Two theatre shows to catch in Dublin this week
The Abbey brings the insurgent story of Jimmy Gralton back to the stage for another knees-up
The cast of Jimmy’s Hall visiting the site of the original hall and the ruin of Jimmy Gralton’s home in Effrinagh, Co Leitrim. Photograph: Brian Farrell
Abbey Theatre, Dublin. Jul 26th-Sep 8th, 7.30pm (sat mat 2pm) €13-45 abbeytheatre.ie
In 1932, at the beginning of de Valera’s Ireland, and the last years of the bitterly divided Free State, James Gralton returned to Leitrim from America. Reopening the Pearse-Connolly Hall, a secular community space he built years earlier for cultural lessons, debates and dancing, Gralton was an enthusiastic organiser who was insufficiently deferential to either church or state. Barely a year later he was deported as an illegal alien from the country of his birth. First staged last year, and adapted from Ken Loach’s 2014 film, director Graham McLaren burnishes Gralton’s legend with a production for the Abbey Theatre that takes the form of a ceilidh, performed by a bright ensemble of player-performers whose jigs, dancing and audience address suggest what might happen if Once The Musical met the populist agit-prop of Scotland’s legendary 7:84. Jubilant and earnest, sometimes to the point of self-seriousness, it is buoyed by the idea that any gathering has revolutionary potential, but is most steady in the simple joys of bringing people together.
Joxer Daly Esq.
Bewley’s Café Theatre, Dublin. Until August 4th. 1pm €8-€12 (light lunch €5.50)

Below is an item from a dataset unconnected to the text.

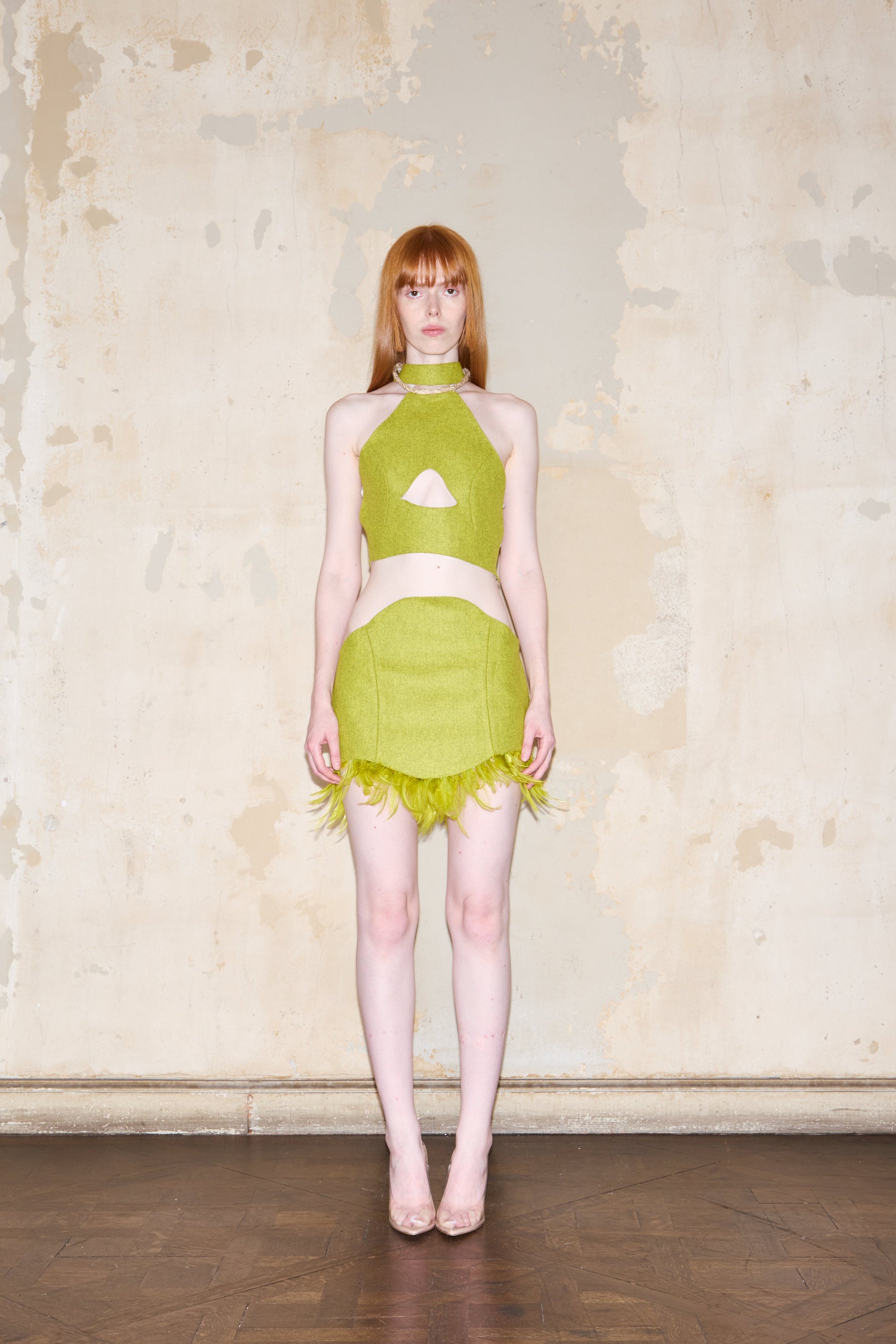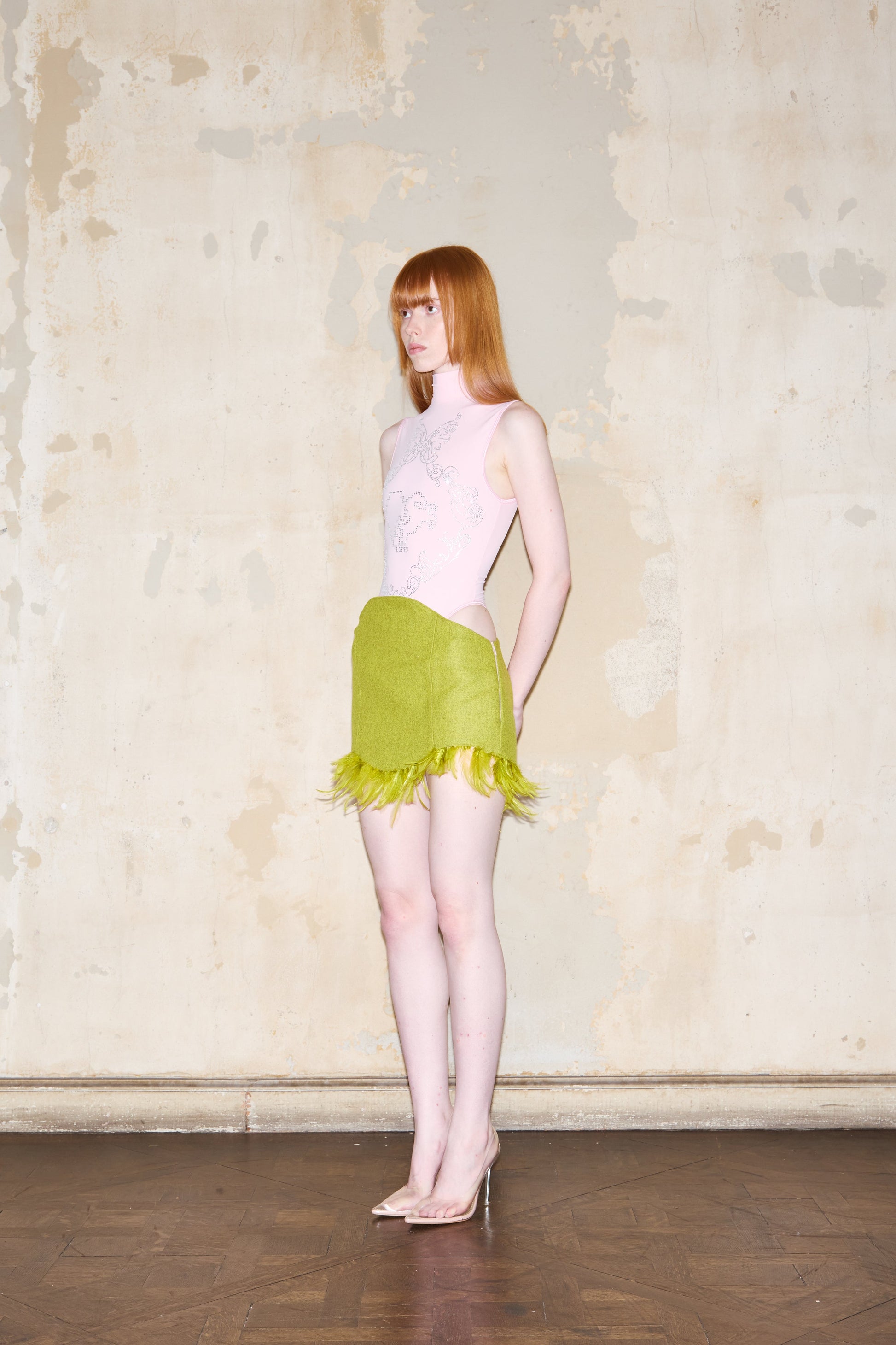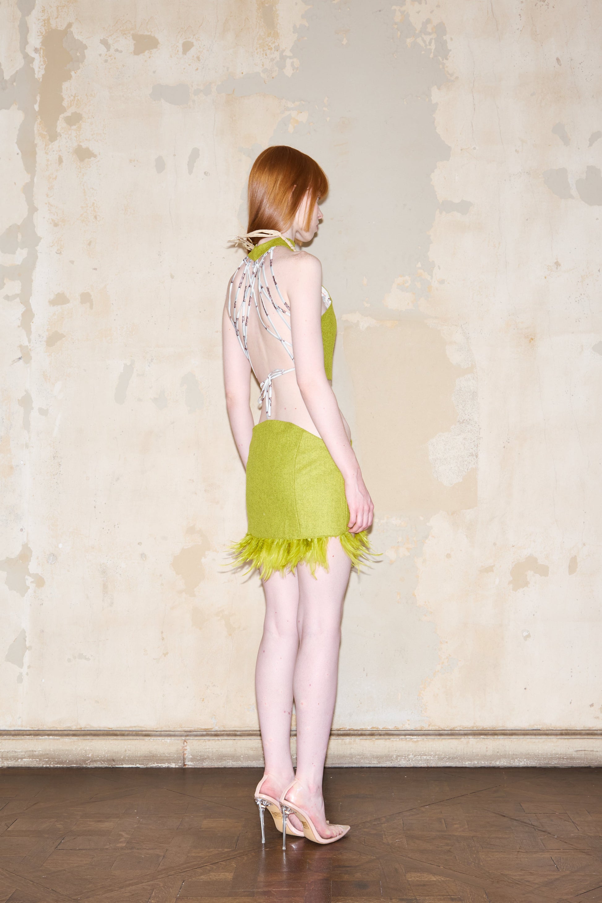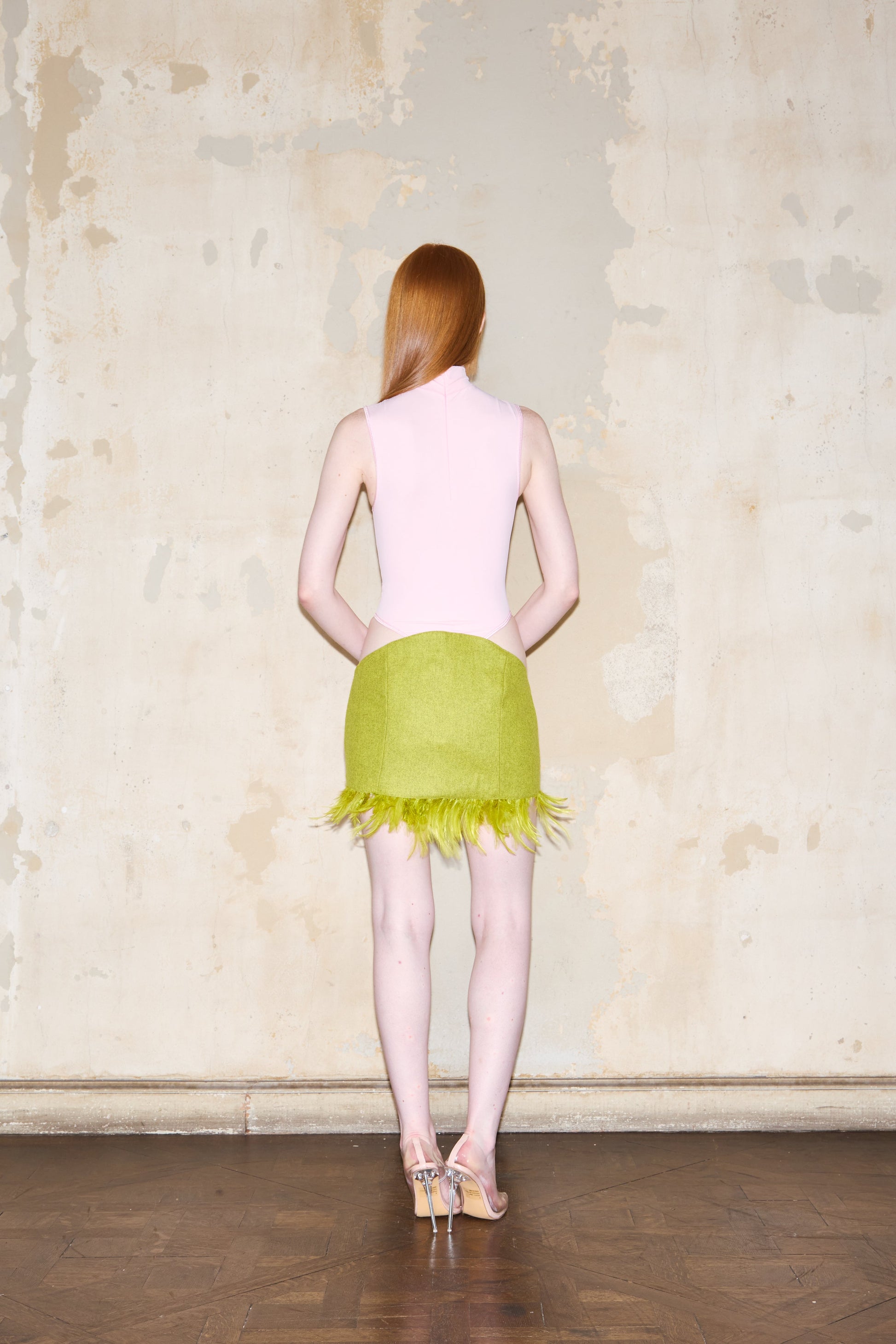 Mini skirt crafted from fine cloth with an asymmetrical hemline, higher at front and back. Features tonal feather trim and exclusive ESQUINA signature print satin lining. Made with Italian cloth, printed satin, and feathers. Professional dry cleaning recommended.

How long can you play a support character until history finally makes you the lead? Long after the experience of a play dissipates, some figures remain vivid in the mind, and the curiosity you may have nursed about the fates of Moll or Malvolio, Shylock or Sarah Tansey has recently given us new optics into classic plays, told – as Rosencrantz and Guildenstern could tell you – from the wings of the action. Now Eddie Naughton turns to Sean O’Casey’s Juno and the Paycock to shuck free from its narrative the scrounger and charlatan Joxer Daly for his own solo show. In the body of Phelim Drew, Joxer is a once-respectable member of the Foresters Association turned vagabond, scraping an existence through wit and audacity against the seismic events of Ireland’s history, from the 1913 Lock Out to the Rising and into the Civil War. One of the more riveting takes of recent O’Casey revivals has been the reappraisal of his sage or savvy drinkers for a darker complexity. Without the distraction of accompaniment, director Karl Shiels’s production might look for a similar re-evaluation: is this darlin’, dishevelled man a figure of comedy, or of tragedy?